The New Stadium

I made a few posts early in December about attending a football game for the first time in many years.  I included some photos and a video which showed the dilapidated off-campus stadium that Florida Atlantic University’s football team  had been playing in, and I noted that the university would play in a new stadium on its main campus in Boca Raton this coming September.

Yesterday, FAU put the following animated video on YouTube showing what their shiny new facility will look like.  It is quite impressive.

I don’t agree with a public university building an expensive athletic facility in an economic climate in which the state government is drastically cutting back on funding education at all levels and raising student tuition and fees – especially when these conditions existed well before the groundbreaking for the new facility, with ample time for the university to reconsider its priorities.
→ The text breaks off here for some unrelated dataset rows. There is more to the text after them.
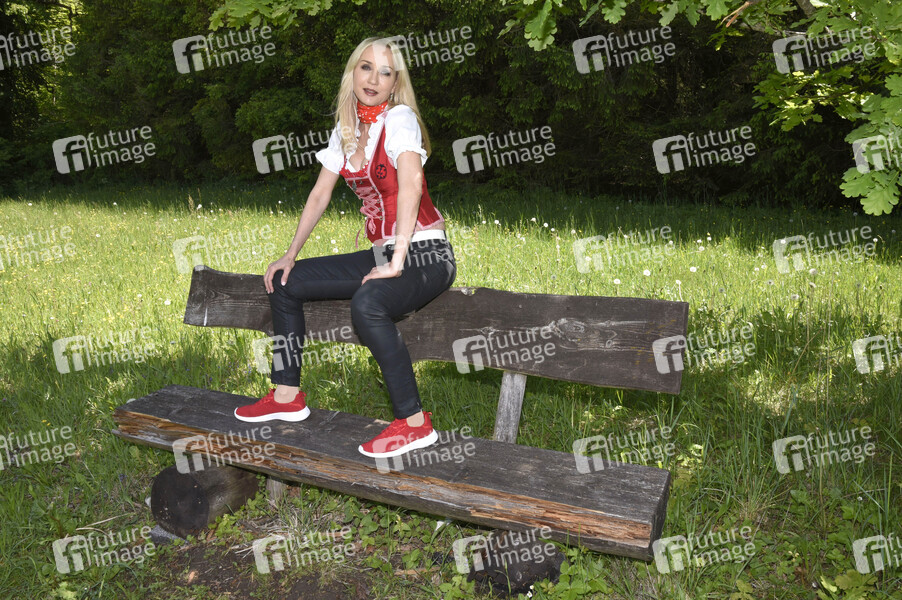 Isabella Hübner beim Fototermin mit Angelika Zwerenz Tracht. Deining, 17.05.2020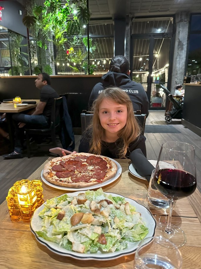 Ellie makes a face about the kids meal. But she ate most of it, so it couldn’t have been that bad.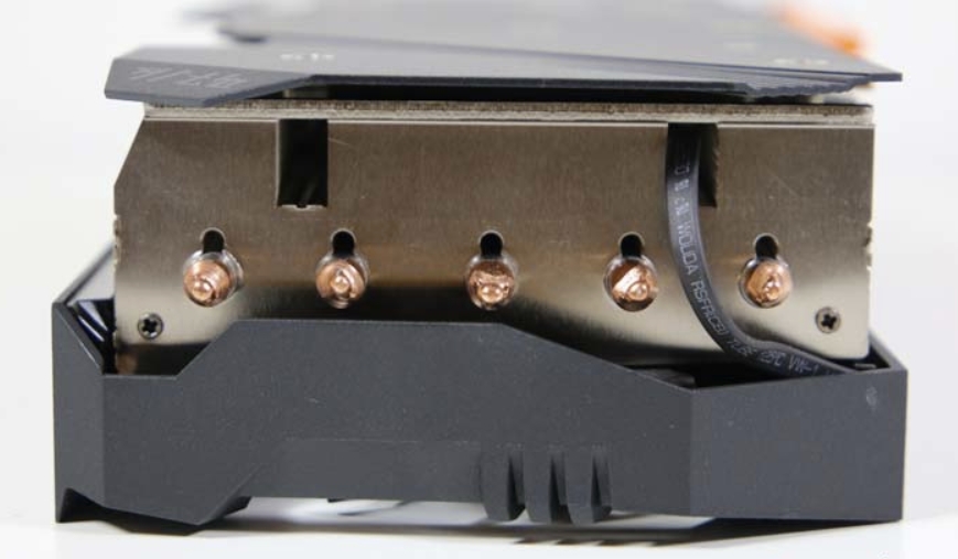AORUS Radeon RX5700XT 제품의 히트파이프는 뛰어난 발열 쿨링을 해소하기 위하여 VRAM에 직접 접촉 영역을 극대화하여 쿨링 시스템을 구축하였습니다. 또한 일반적인 구리 파이프가 아닌 열 전도율이 뛰어난 복합형 히트 파이프를 선택하여 기존에 비하여 12% 뛰어난 쿨링 성능을 보여 줍니다.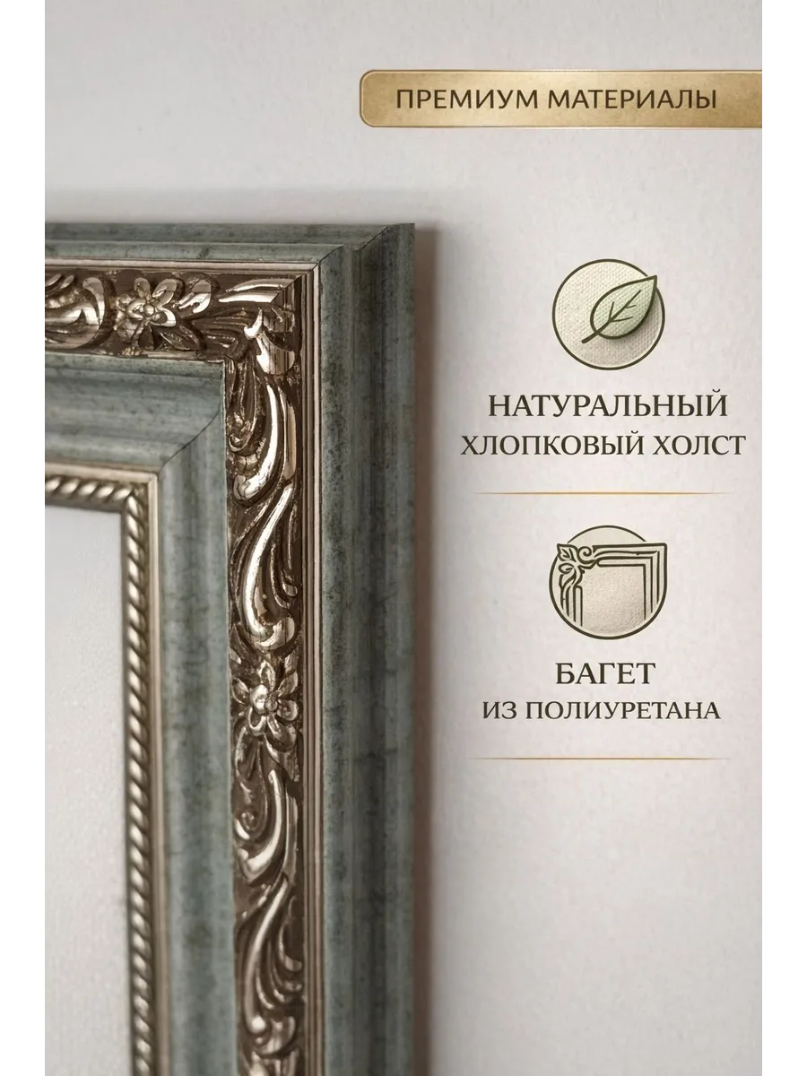 Картины выполнены на натуральном хлопковом холсте, благодаря чему изображение выглядит глубже, а текстура добавляет ощущение настоящей художественной работы. Каждая картина оформлена в декоративный багет из полиуретана, который отличается прочностью, долговечностью и аккуратным внешним видом. Рамы выглядят элегантно и придают композиции завершённость.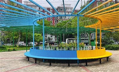 不仅要让居民有地方坐,还要让居民坐得舒服。为此,社区党委通过召开党员代表会、居民协商议事会选定座椅样式、确定安装位置后,还邀请专业设计团队参与座椅的设计。历时3个月的时间,环形休闲座椅在小区内的花园里“架起”,表面还涂上了黄、绿、蓝的喷漆,不仅为小区居民带来了更加舒适的露天休息场所,同时也成为了社区一道亮丽的风景线。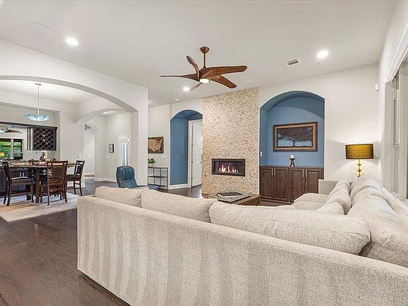 Welcome to 569 Mendocino Lane where custom design meets refined comfort in the coveted Belterra community. Perfectly situated on a spacious .22 acre corner lot with only one neighbor, this beautifully upgraded single story, 4 bedroom home offers the ideal blend of elegance, functionality, and effortless entertaining. The home is positioned conveniently between Austin and Dripping Springs. Thoughtfully designed with a sanctuary style lifestyle in mind, the home features an open concept layout with high end finishes, a convenient Jack and Jill bedroom layout, and a custom home office perfect for remote work or quiet retreat. The air conditioned and heated all season room with automated shades adds year round flexibility with a 662 sqft built up patio with a Green space 34 X 19 creating a beautifully landscaped oasis right in your backyard. The backyard is a true landscaped dream, featuring low maintenance hardscaping, a small grassy area with 4 sprinkler heads, a pergola with a custom plexiglass sunshade roof, and a custom built outdoor dining bar, perfect for gatherings that are large or small. Additional highlights include a three car garage, a water softener system, tankless water heater, Sonos sound system indoor and out perfect for music lovers, control tower, smart thermostat, soft close cabinets, pull out drawer, motion sensor lights and modern designer fixtures throughout. Belterra is more than a neighborhood, it's a lifestyle. With access to top rated Dripping Springs ISD schools, 15 mile scenic hike and bike trails, and resort style community amenities, it’s easy to see why residents love calling this vibrant community home. Plus, with Belterra Village just around the corner, you’re never far from upscale dining, shopping, and entertainment. Don’t miss the chance to make this exceptional home your own, schedule a private tour today and experience the best of Hill Country living.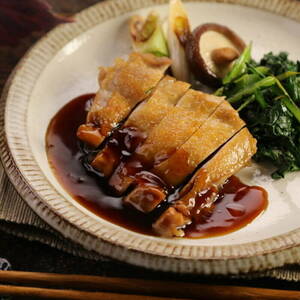 器に鶏肉、<11>を盛り付け、<9>をかける。温泉卵を器に割り入れ、添える。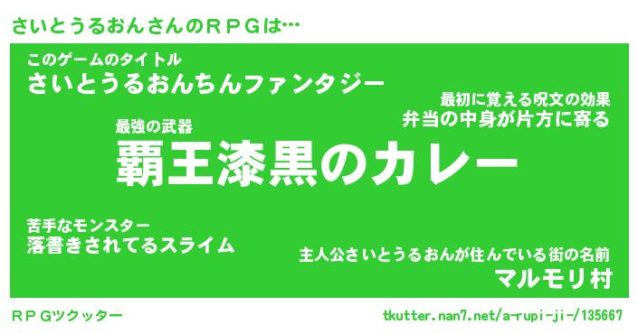 | 男性向けラノベタイトル風あだ名 | 『サイトウルオンアートオンライン』 |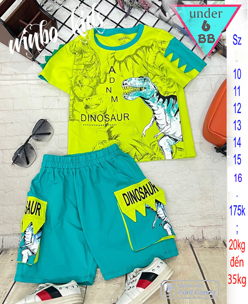 Đồ Bộ bé trai dễ thương tay ngắn in Hình khủng Long rừng xanh siêu đáng yêu cho bé đi chơi, đi học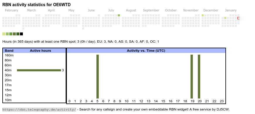 The heatmap shows the activity as reported by the RBN (CW/PSK/RTTY, no FT8) of the last 12 months. You can scroll back to January 2015.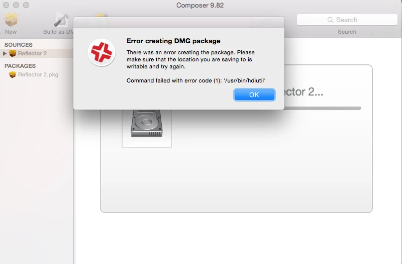 i'm trying to build reflector 2 .dmg but every time i build dmg this error message will show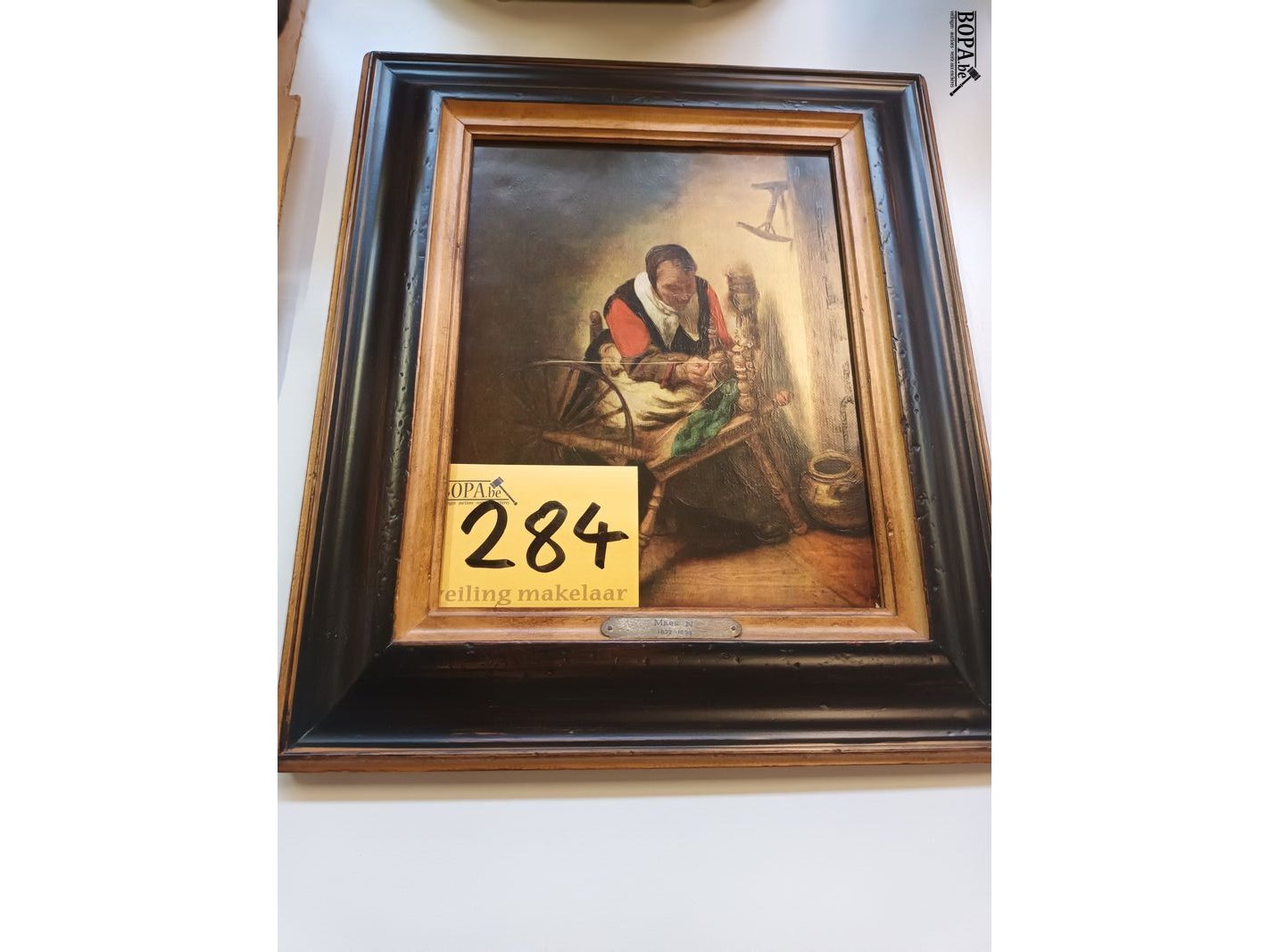 Schilderij reproductie. Maes N. 1632-1693. 37 x 42 cm.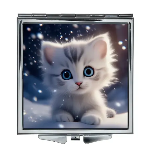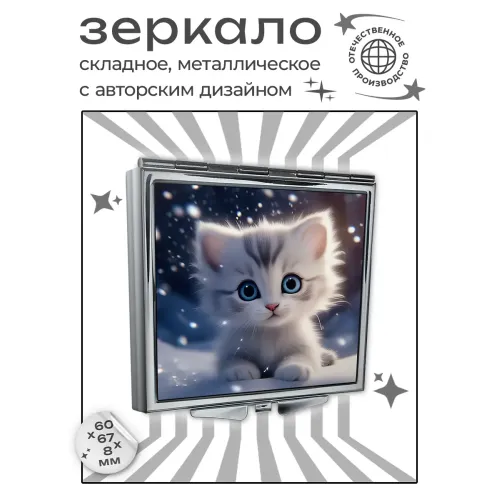 Складное зеркало квадратной формы с изображением котёнка на снегу.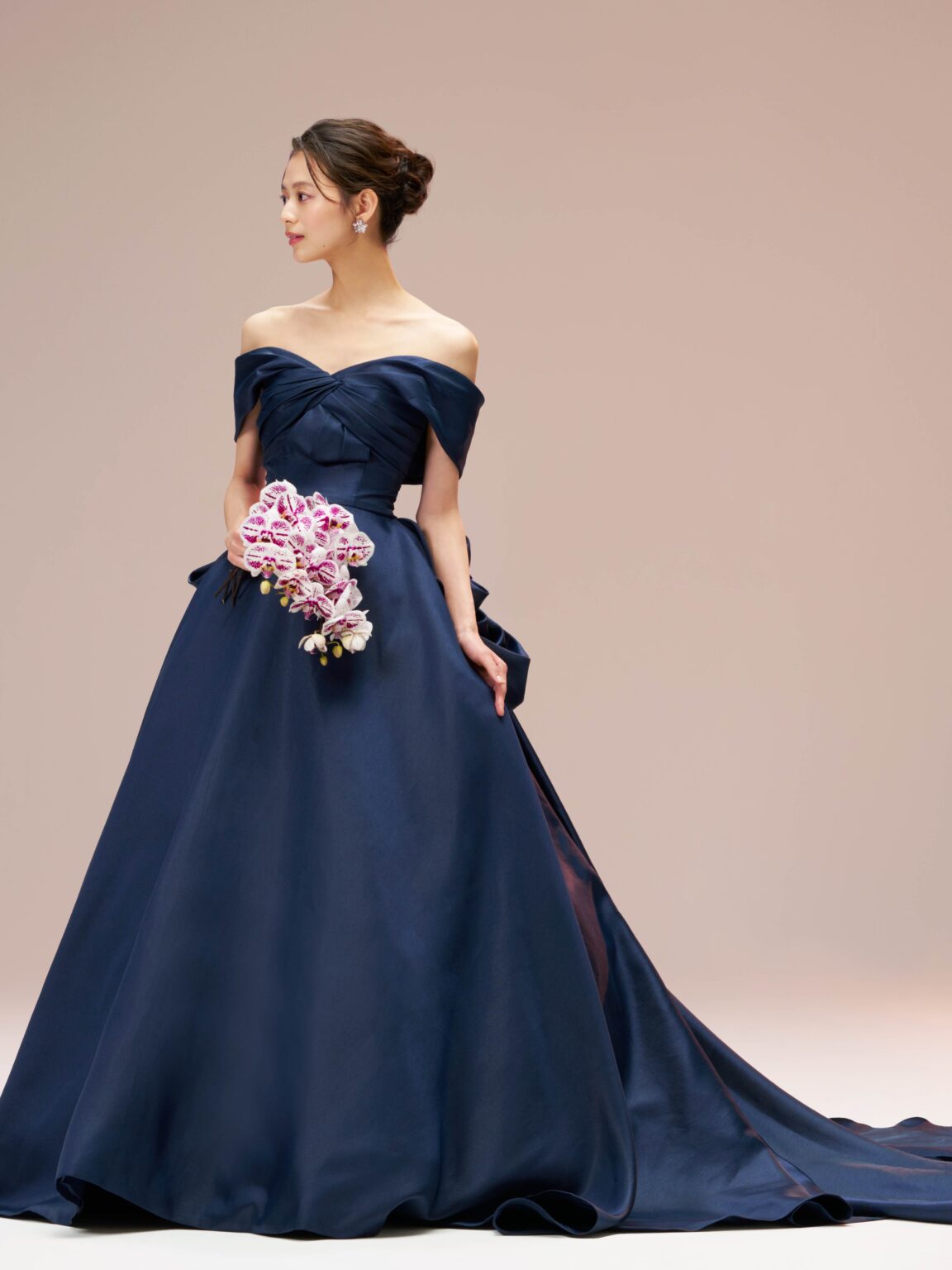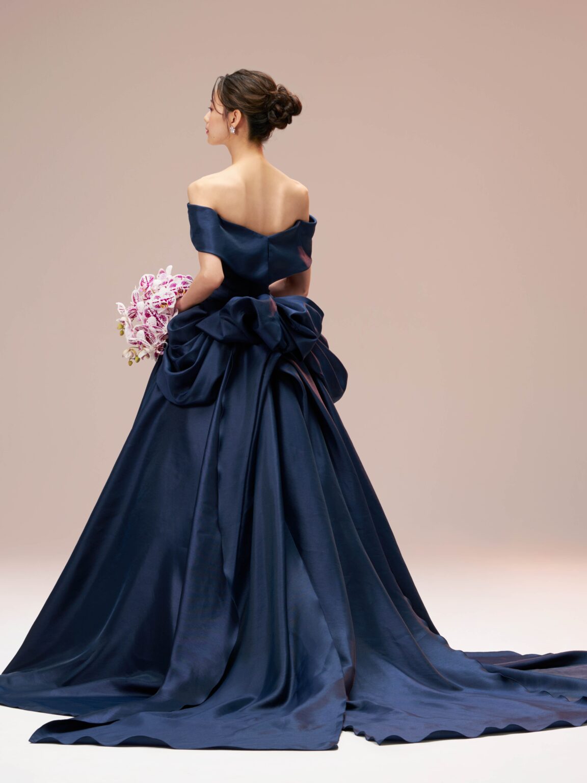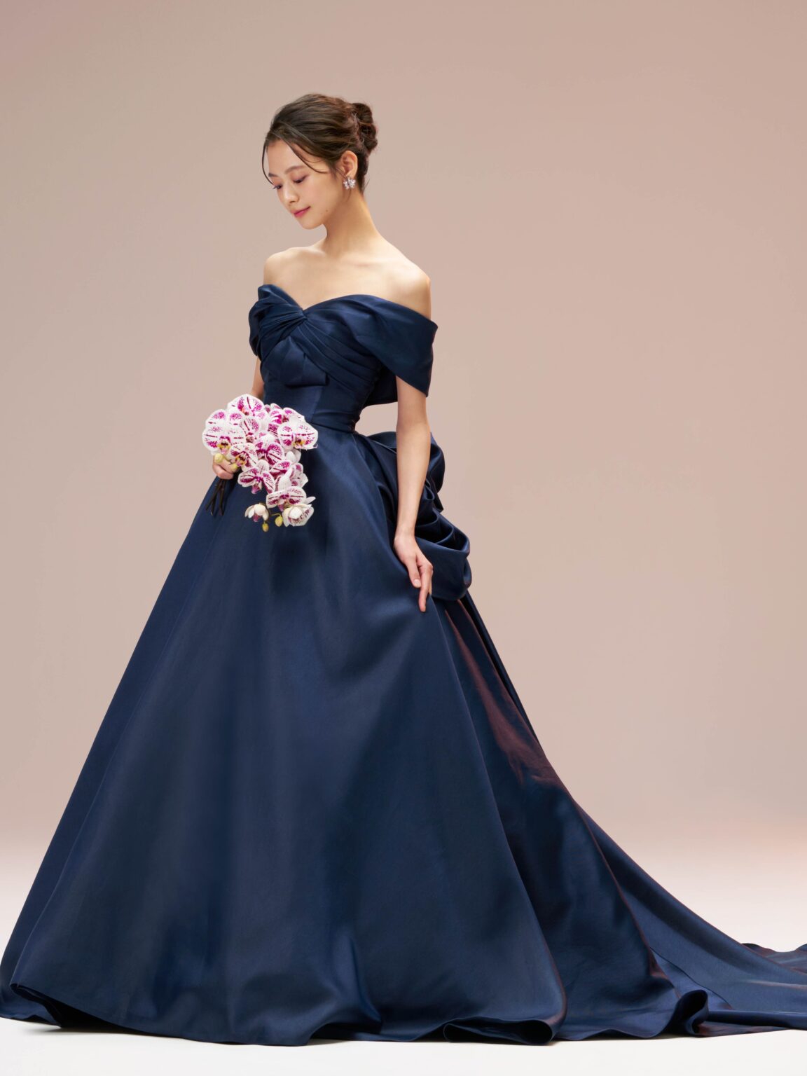 花嫁さまの透明感を引き立たせ、お肌を美しくみせるネイビーのオフショルダードレス。 ミカドサテンならではの艶や、ふわりと立体感のあるバックリボンが、シックかつクラシカルな印象に上品な華やかさを加えます。 フロントからバックにかけ、なだらかに幅を広げ、二の腕をカバーするオフショルダーや、デコルテを美しく見せながら、安心感もある絶妙な開きのトップスデザインなど、細部までこだわり抜いたオリジナルドレスです。 ※CLAIREにはイエローのカラードレス、またウェディングドレスもございます。

The university would counter, I’m sure, that very little funding for the new stadium has come from public coffers – that funds were either privately raised from university supporters or came to the university as a result of offering their football team as sacrificial lambs to major college football factories.

In the latter case, FAU contracted to play games at the venues of several major college football powers, knowing full well that their team would not be able to compete against these much superior teams. In return they received large sums of money to offset the costs of their athletic programs and to provide major contributions towards building the stadium.  The major colleges have no concern that playing lesser competition would result in  lower attendance.  Their stadia will be filled to capacity regardless of the opposition.  Plus the guaranteed outcome pleases their fans and improves their won-loss records, enhancing  their prospects for invitations to major bowl games and their huge financial rewards.

In the past four years FAU played ten away games against such powerhouses as Nebraska, South Carolina, Texas, Michigan State, Minnesota, Kentucky and Florida – losing all of them by a combined score of 416 to 111.  The disparity in talent was even greater than the scores would indicate, in that their opponents would early on begin substituting freely with 2nd and 3rd string players.

I’m sure the FAU players enjoyed the experience of playing against these powerful teams in their huge and famous stadia before crowds of 70,000 to 100,00o and all the surrounding spectacle.

I wouldn’t have even the slightest concern were FAU a private institution. However, it is not.  As a taxpayer and a firm believer in the vital importance of education I believe these “slaughter” revenues should  have been used exclusively for purposes enhancing higher education, and that the football stadium project should have been deferred.  Perhaps I am mistaken, but I thought that providing students a quality education at a reasonable cost was the primary mission of the university.     …………………………..Silly me!   😉



Filed under Personal Views, Videos

4 responses to “The New Stadium

  1. Steve

    I agree with you but I suspect that we are in the minority, at least the minority of the people that decide these things.

    • Ed

      Sad – but true. But I can definitely guarantee you that there will me a major reordering of priorities when I take over! Heehee…..

  2. In the UK we don’t have so many of these huge stadia but one of the big ‘selling points’ here is community involvement and community use of the finished facility.

    In other words it should also be used by other groups of young people and adults who are not attending the college or university (or school). Since our Association Football clubs have their own stadia (almost without exception) we’re mostly talking about lesser teams and other sports, none of which has a fraction of the money which is lavished on ‘the beautiful game’!

    It seems a rather different perspective here without anything like that amount of commercialisation!

    • Ed

      Like most Americans I go gaga over anything that involves hitting, kicking, carrying, throwing or bouncing a ball. And I believe athletic competition at schools at all levels is a positive aspect of the educational experience for young people, whether they participate or just watch. It fosters a sense of pride and belonging; being a part of something greater than oneself that one can identify with long after his education is finished.

      Nevertheless, I can’t understand how institutions of higher learning can justify paying football coaches million dollar salaries, support them with armies of highly paid assistants and state of the art facilities plus build stadia costing in the hundreds of millions of dollars, while limiting the pay of tenured full professors to a small fraction of the coaches’ salaries and claiming that scarce resources require raising tuitions and fees. It certainly demonstrates that there is something radically wrong with our sense of priorities.